Si chinò sulla scatola. — Non ho un frigo — disse. — Dovrò metterla fuori, sulla veranda. — La raccolse e borbottò un poco. — Oddio, quanto pesa. Probabilmente Flip l’ha consegnata a lei apposta, per non doverla portare fin quaggiù. — La sollevò col ginocchio. — Bene, a nome della dottoressa Turnbull e di tutte le altre vittime di Flip, grazie. — Si avviò in mezzo alla confusione di apparecchiature.

Un chiaro segno di congedo; e poi, a proposito di sovvenzioni, avevo ancora metà dei ritagli sui capelli alla maschietta da suddividere in mucchi ordinati, prima di andare a casa. Ma cercavo ancora di individuare ciò che trovavo di così insolito in lui. Lo seguii nel labirinto di apparecchiature.

— Flip è responsabile anche di questo? — dissi, infilandomi fra due cataste di scatole.

— No — rispose O’Reilly. — Sto mettendo in atto il mio nuovo progetto. — Scavalcò una matassa di cavo.

— Ossia? — Scostai una rete di plastica penzolante.

— Diffusione delle informazioni. — Aprì una porta e uscì sulla veranda. — Qua fuori dovrebbe stare abbastanza al fresco.

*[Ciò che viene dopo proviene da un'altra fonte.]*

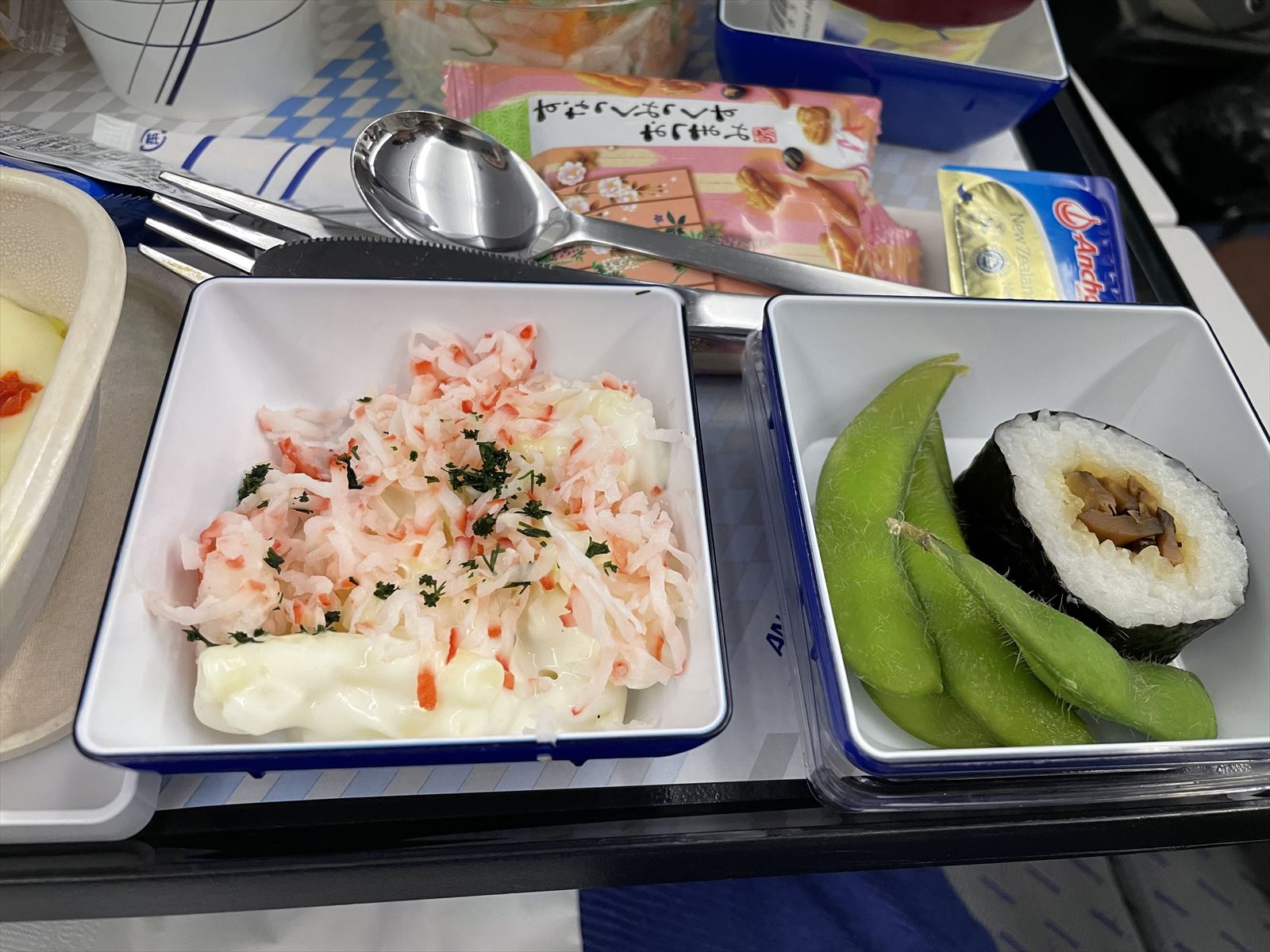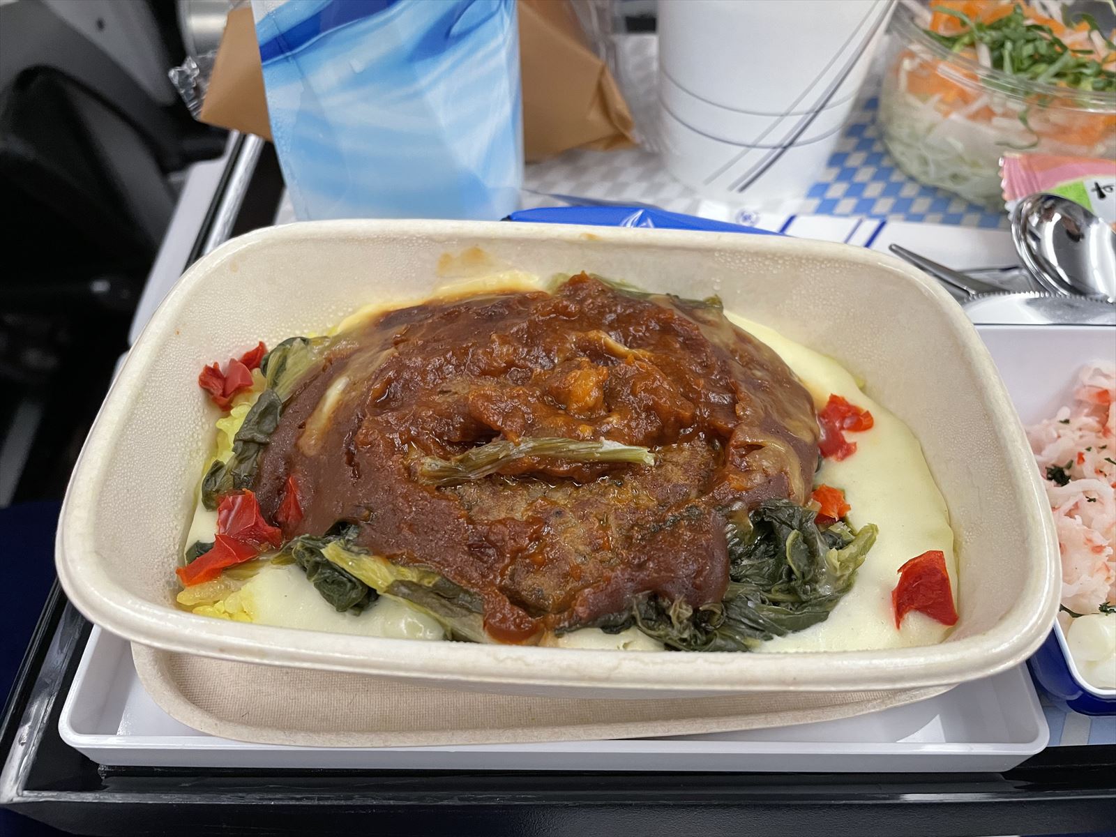 今回の機内食は「ハンバーグ デミグラスソース・マカロニサラダとカニカマ・中巻き・枝豆・ミックスサラダ・パン・クラッカー・チーズ・水・アイスクリーム」だったけど、メインのハンバーグに添えられているご飯が味がなくべっちゃりした感じ。中巻きと書いてある巻きずしのご飯はカッチカチ。どうやったらここまでマズイ巻きずしになるのか聞いてみたい。機内食の担当者は本当に試食して決めたんだろうか?と思ってしまいました。

— Ah, certo — dissi, stringendomi nelle braccia per difendermi dal gelido vento d’ottobre. La veranda dava su un ampio paddock cintato, con alte staccionate su tutti i lati e una copertura di rete metallica. In fondo c’era un cancello.

— Viene usato per esperimenti su animali di grossa taglia — disse il dottor O’Reilly. — Speravo di avere le scimmie per luglio, così avrebbero potuto stare fuori, ma le scartoffie hanno richiesto più tempo del previsto.

— Scimmie?

— Il mio progetto studia gli schemi di diffusione di informazioni in un gruppo di macachi. Si insegna una cosa a un macaco e poi si documenta come l’informazione si diffonde nel gruppo. Sto lavorando al rapporto fra destrezza utilitaristica e non utilitaristica. Insegno a un macaco una operazione non utilitaristica che presenti una bassa soglia di abilità e molteplici livelli di destrezza…

— Come l’hula-hoop — commentai.

O’Reilly posò la scatola accanto alla porta e si rialzò. — L’hula-hoop?

— L’hula-hoop, il minigolf, il twist. Tutte le mode hanno una bassa soglia di abilità. Per questo non vengono mai di moda le partite lampo a scacchi. E nemmeno la scherma.

O’Reilly spinse contro l’attaccatura del naso gli occhiali dalle lenti a fondo di bottiglia.